Des paroles aux actes, c’est ce que demandent 50 ONG au président congolais Félix Tshisekedi et à son gouvernement pour mettre fin à l’impunité et sanctionner pénalement les responsables de violations graves des droits de l’homme. Ces ONG saisissent l’occasion de l’investiture du nouveau Premier ministre, Jean-Michel Sama Lukonde, pour rappeler aux autorités congolaises qu’elles ont « une opportunité historique de s’attaquer aux crimes graves, passés ou récents ». Et de citer notamment le rapport Mapping, publié en 2010, et qui dort depuis dans les tiroirs. Le document recense plus de 600 incidents de violations graves des droits humains et du droit humanitaire international commises en République démocratique du Congo (RDC) entre mars 1993 et juin 2003. « Les recommandations du rapport, notamment la mise en place d’un mécanisme judiciaire chargé d’enquêter sur les crimes documentés et d’engager des poursuites, n’ont pas encore été mises en œuvre » insistent les ONG.
Pour un mécanisme judiciaire international
Plus grave encore, « des décennies d’impunité continuent d’alimenter les conflits et les exactions en RDC », selon Denis Mukwege, lauréat du prix Nobel de la paix. « Le président Tshisekedi devrait adopter une stratégie visant à remédier à l’absence choquante de justice et aux conséquences de l’impunité » insiste le célèbre docteur. Si le président Tshisekedi a bien promis de rétablir la justice et l’État de droit au Congo, « depuis son entrée en fonction il y a plus de deux ans, il n’a toujours pas défini les mesures concrètes que son administration entend prendre pour mettre fin à l’impunité et aux cycles de violence » dénoncent les organisations signataires.
Pour lutter efficacement contre l’impunité, les 50 ONG demandent la mise en place « d’un mécanisme judiciaire international ou un mécanisme à forte composante internationale pour enquêter et poursuivre les graves crimes internationaux commis en RDC, notamment ceux documentés dans le Rapport Mapping de l’ONU, et d’autres plus récents, que les auteurs des crimes soient congolais ou étrangers ». Un mécanisme judiciaire qui devrait, « au moins dans un premier temps, être composé de personnel international et congolais ».

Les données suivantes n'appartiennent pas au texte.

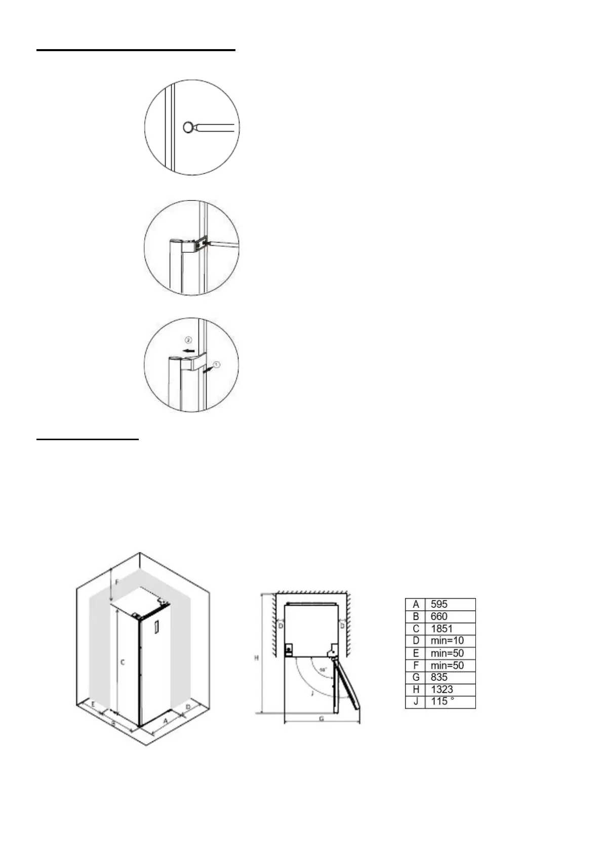 • Allow a safety distance to the right (D), to the left (D), to the rear (E) and above (F) the

Un mécanisme « d’assainissement » devrait ensuite permettre « d’identifier et de démettre provisoirement de leurs fonctions les agents des forces de sécurité et d’autres responsables de l’exécutif susceptibles d’avoir été impliqués dans de graves violations des droits humains, le temps que leurs dossiers soient traités ». Et enfin, un programme complet de réparations pour les victimes devrait être mis en place « pour les aider à reconstruire leur vie. »
Lutter contre l’impunité des responsables politiques
L’impunité prévaut également dans les propres rangs des forces armées congolaises. « Les troupes gouvernementales ont également joué un rôle majeur dans les violences récentes, estiment le collectif d’ONG. Des officiers présumés coupables d’exactions occupant toujours des postes de haut niveau dans la chaîne de commandement (…). Au fil des ans, des chefs de guerre impliqués dans des exactions ont été intégrés dans l’armée, la police et les services de renseignement congolais. Certains ont également été promus et nommés à des postes politiques clés, tout en restant impliqués dans les exactions et en profitant de l’économie de guerre ».
Enfin, l’action de la Cour pénale internationale (CPI) reste trop « limitée ». Si trois anciens chefs rebelles ont été condamnés, « les affaires concernant la RDC n’ont pas permis d’aborder la question de la responsabilité des hautes personnalités politiques et militaires ». « Le nouveau gouvernement congolais devrait démontrer qu’il est résolu à offrir un avenir meilleur à la jeunesse congolaise, et prendre immédiatement les mesures nécessaires pour rendre justice et accorder des réparations aux nombreuses victimes de la nation » conclut Micheline Mwendike, activiste du mouvement citoyen Lutte pour le Changement (LUCHA).